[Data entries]
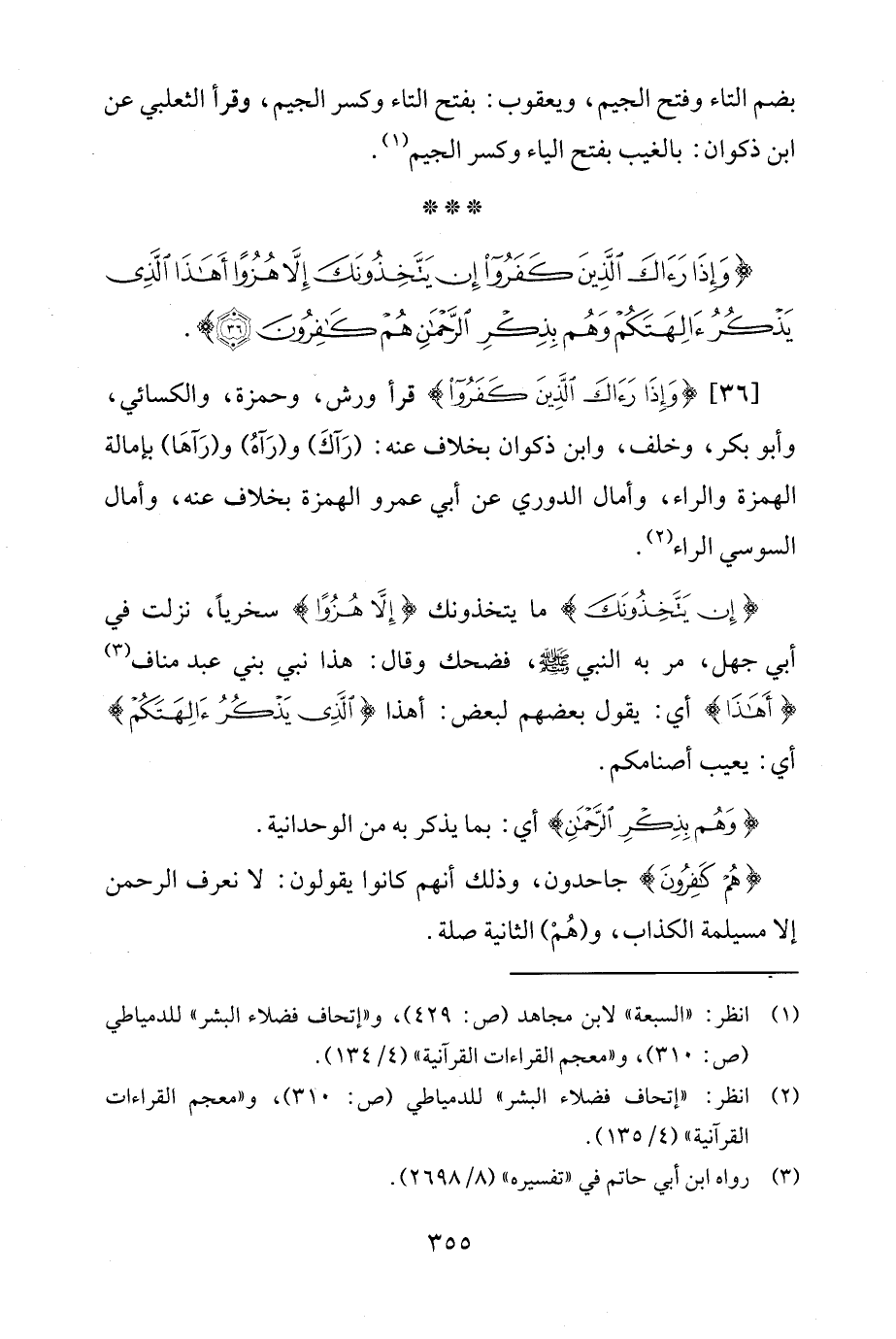 [36] {وَإِذَا رَآكَ الَّذِينَ كَفَرُوا} قرأ ورش، وحمزة، والكسائي، وأبو بكر، وخلف، وابن ذكوان بخلاف عنه: (رَآكَ) و (رَآهُ) و (رَآهَا) بإمالة الهمزة والراء، وأمال الدوري عن أبي عمرو الهمزة بخلاف عنه، وأمال السوسي الراء (¬2).
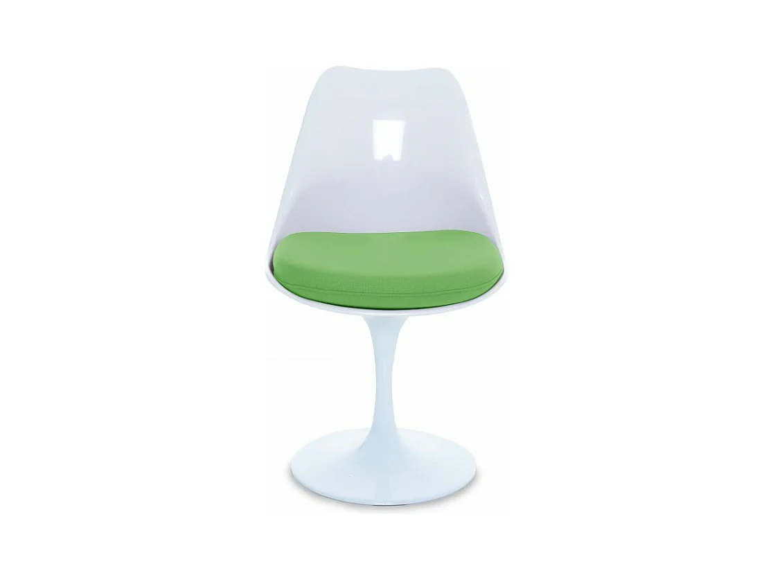 Chaise blanc brillant avec coussin tissu vert pétale de tulipe
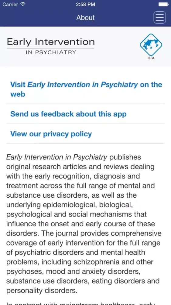 Early Intervention in Psychiatry is affiliated with IEPA Early Intervention in Mental Health.
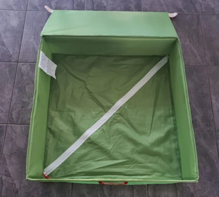 Ikea portable storage box, which can be folded easily. Approximate Dimensions: Length: 23 inches Width: 24 inches Depth: 6 inches
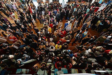 3月22日,在兰州大学举行的毕业生双选会上人潮涌动
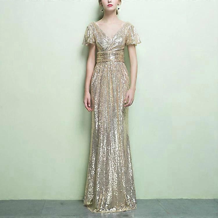 Fishtail Evening Dress-Long Elegant Banquet Gown in Champagne,XXL Champagne,XXL
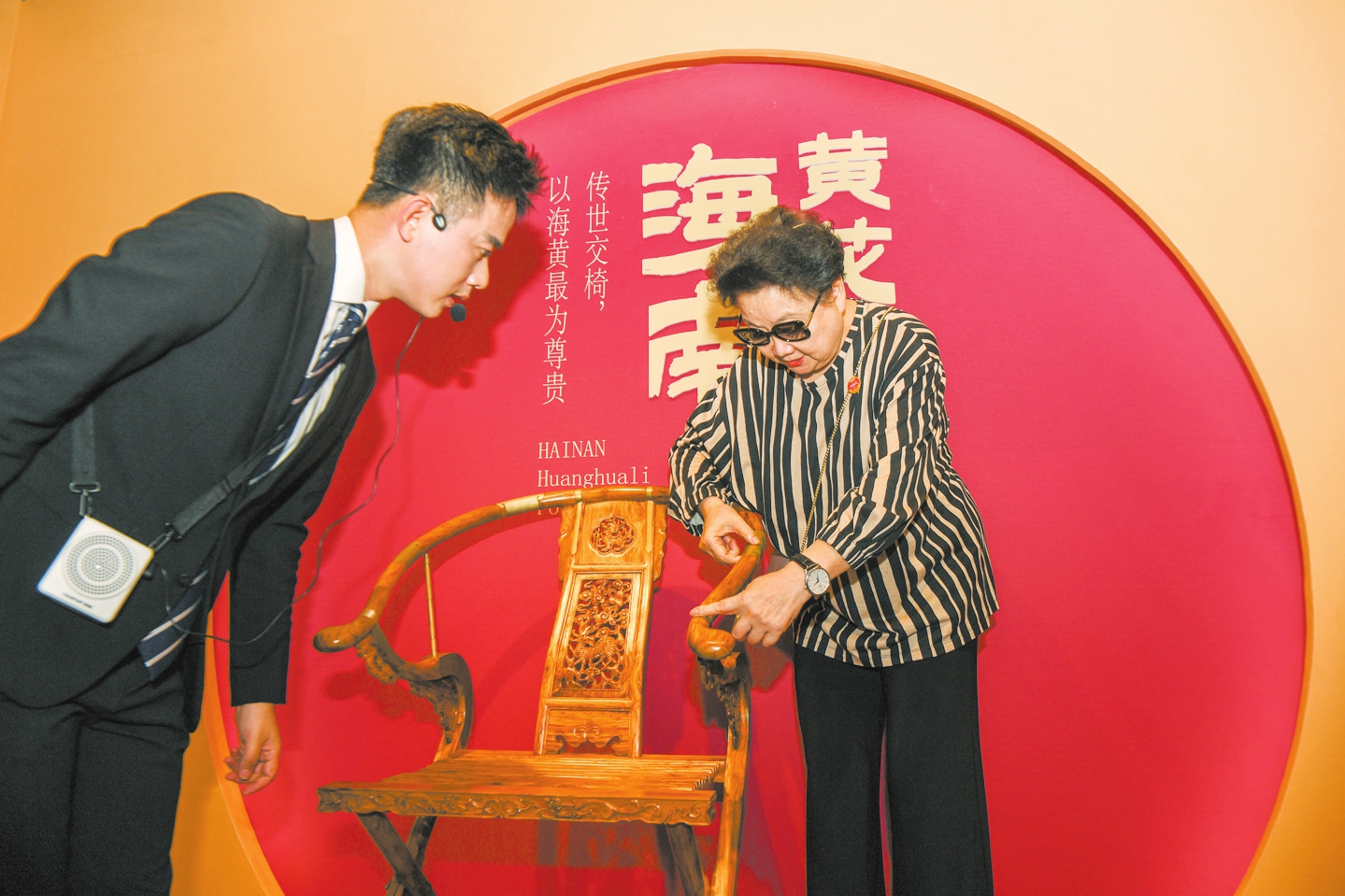 3月27日,在东屿岛文化公园海口城市展“和雅”板块,参展嘉宾在海南黄花梨展厅鉴赏黄花梨座椅。本报特派记者 康登淋 摄
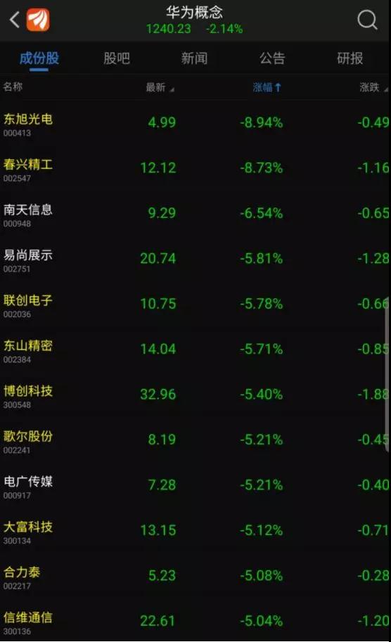 此外,A股華為概念股也出現(xiàn)大面積股價(jià)下跌的現(xiàn)象,62家華為概念成分股中有53家企業(yè)下跌。在華為概念股中,東旭光電領(lǐng)跌8.94%,春興精工下跌幅度也達(dá)到了8.73%,領(lǐng)益智造下跌8.48%,再如聯(lián)創(chuàng)電子、東山精密、歌爾股份、大富科技、合力泰、信維通信等跌幅都這5%以上。港股華為供應(yīng)商中:丘鈦科技下跌15.77%,比亞迪電子下跌11.76%,舜宇光學(xué)下跌10.41%。
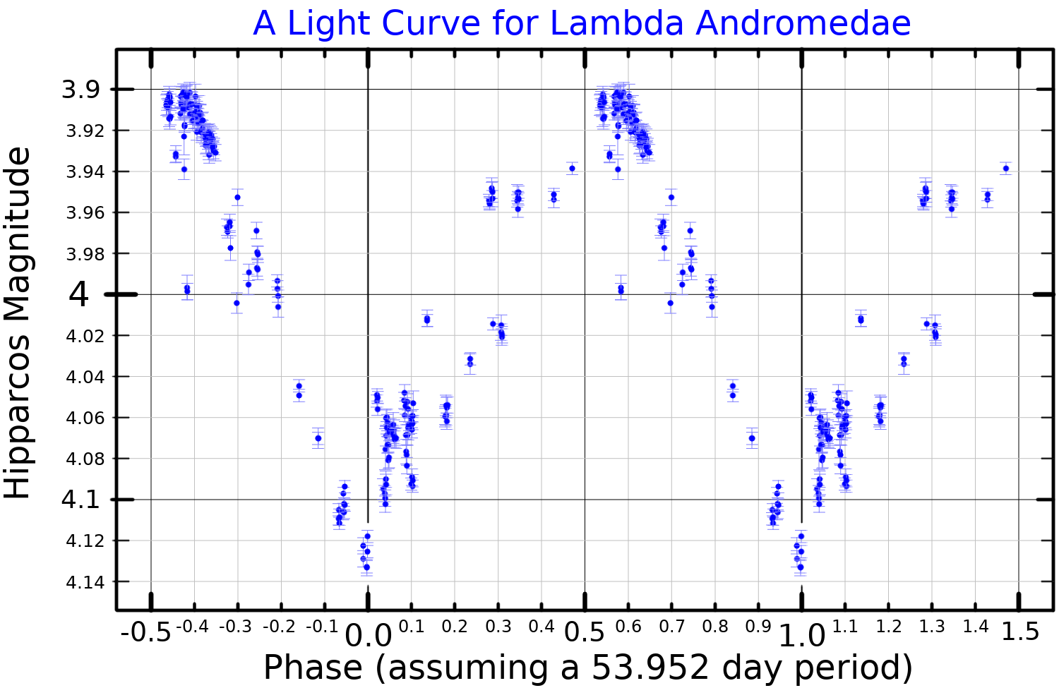 안드로메다자리 람다 별은 1899년 캠벨에 의해 시선 속도 변화가 발견된 것을 계기로 분광 쌍성임이 밝혀졌다. 공전 주기는 20.5212일이며, 주성과 반성의 거리는 약 190만 km이다.
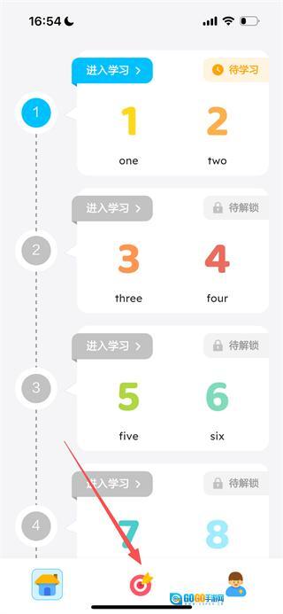 1、进入首页后,点击底部的中间功能按钮,可进入单词学习页面。
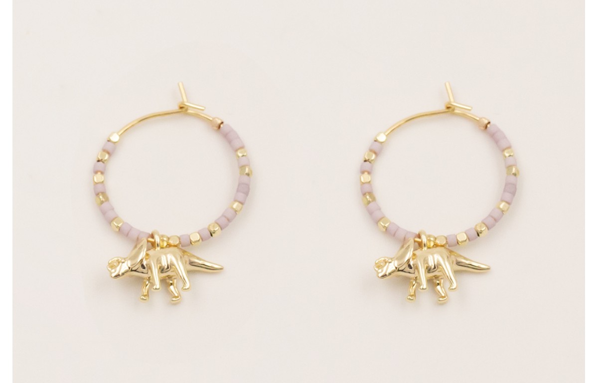 Pendiente aro dorado con miyukis lilas, mini facetadas doradas y dinosaurio dorado.
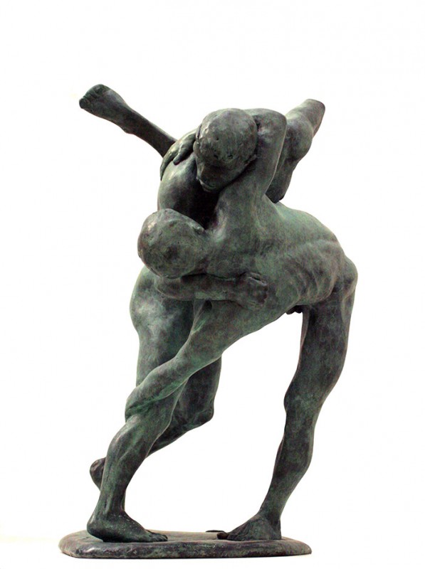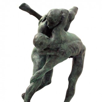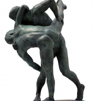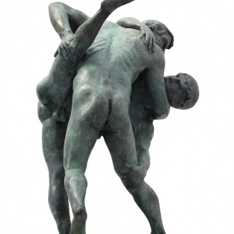 The subject of wrestling, like dance, allows figures to interact in dymanic and surprising way. Here two male figures spar with each other in a balletic manner.
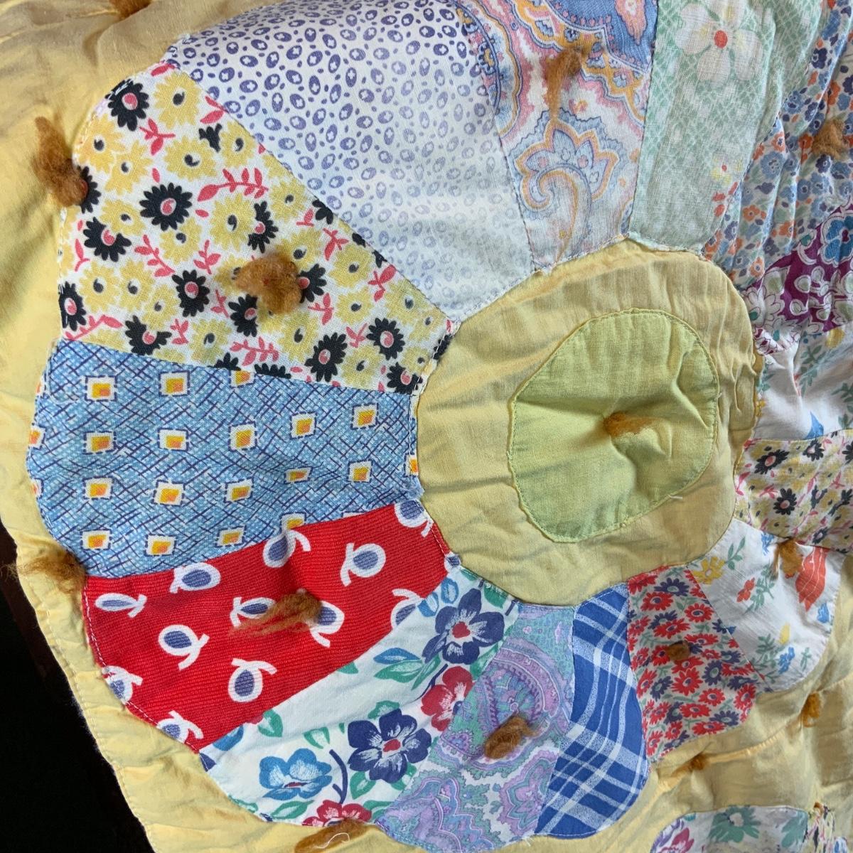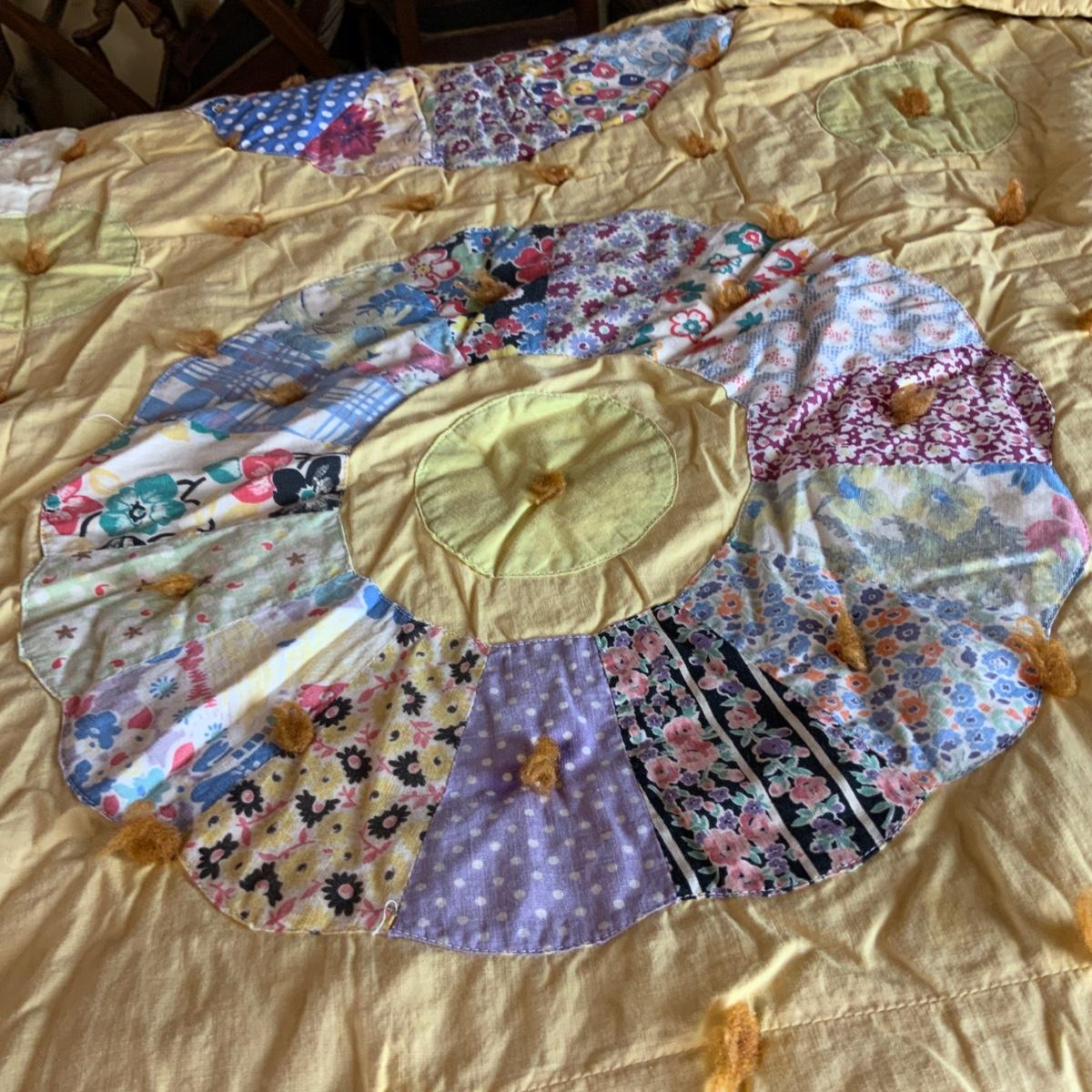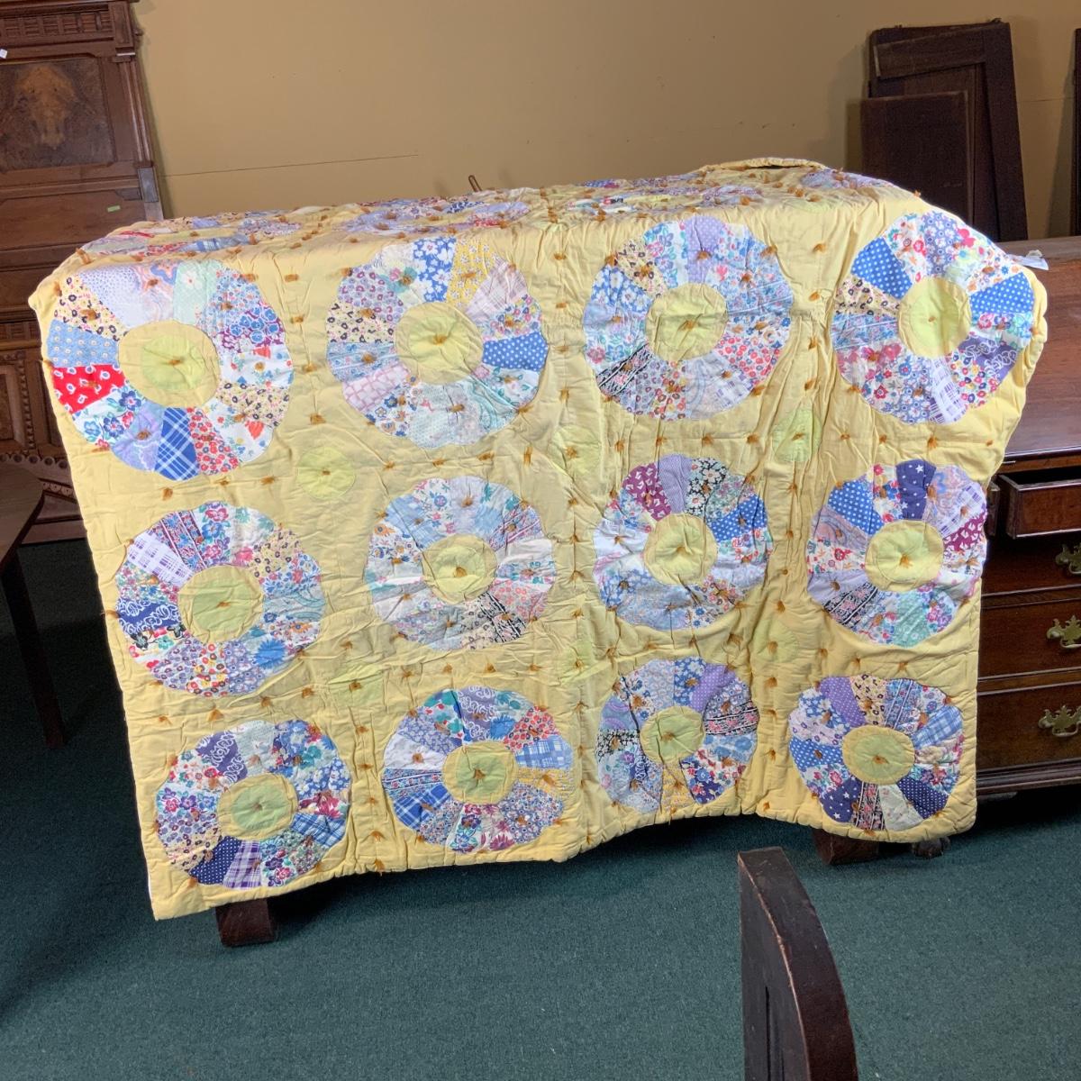 Yellow Dresden Star Quilt. Great condition. Looks cozy! //::\\ Please see photos for details and condition. No attempt has been made to hide any imperfections. All items listed in this auction are warehouse items, and need to be cleaned. A majority of the items need restoration as well. All items are sold AS IS and WITHOUT GUARANTEE. If you are uncertain about an item, DO NOT BID. Due to the nature of this online auction in-person inspection is HIGHLY recommended. All Sales are FINAL. Pick Up Times are FIRM. Please confirm with your own schedule that you can pick up in the scheduled times listed in the Terms and Conditions. Any questions please message the auctioneer. DO NOT Contact The Harp Gallery.

# Prompt:
This exercise asks for an exact copy of the lines from the first one in the data through the line that contains "Ikea portable storage", pictures excluded.

# Solution for this problem:
 [36] {وَإِذَا رَآكَ الَّذِينَ كَفَرُوا} قرأ ورش، وحمزة، والكسائي، وأبو بكر، وخلف، وابن ذكوان بخلاف عنه: (رَآكَ) و (رَآهُ) و (رَآهَا) بإمالة الهمزة والراء، وأمال الدوري عن أبي عمرو الهمزة بخلاف عنه، وأمال السوسي الراء (¬2).
 Chaise blanc brillant avec coussin tissu vert pétale de tulipe
 Early Intervention in Psychiatry is affiliated with IEPA Early Intervention in Mental Health.
 Ikea portable storage box, which can be folded easily. Approximate Dimensions: Length: 23 inches Width: 24 inches Depth: 6 inches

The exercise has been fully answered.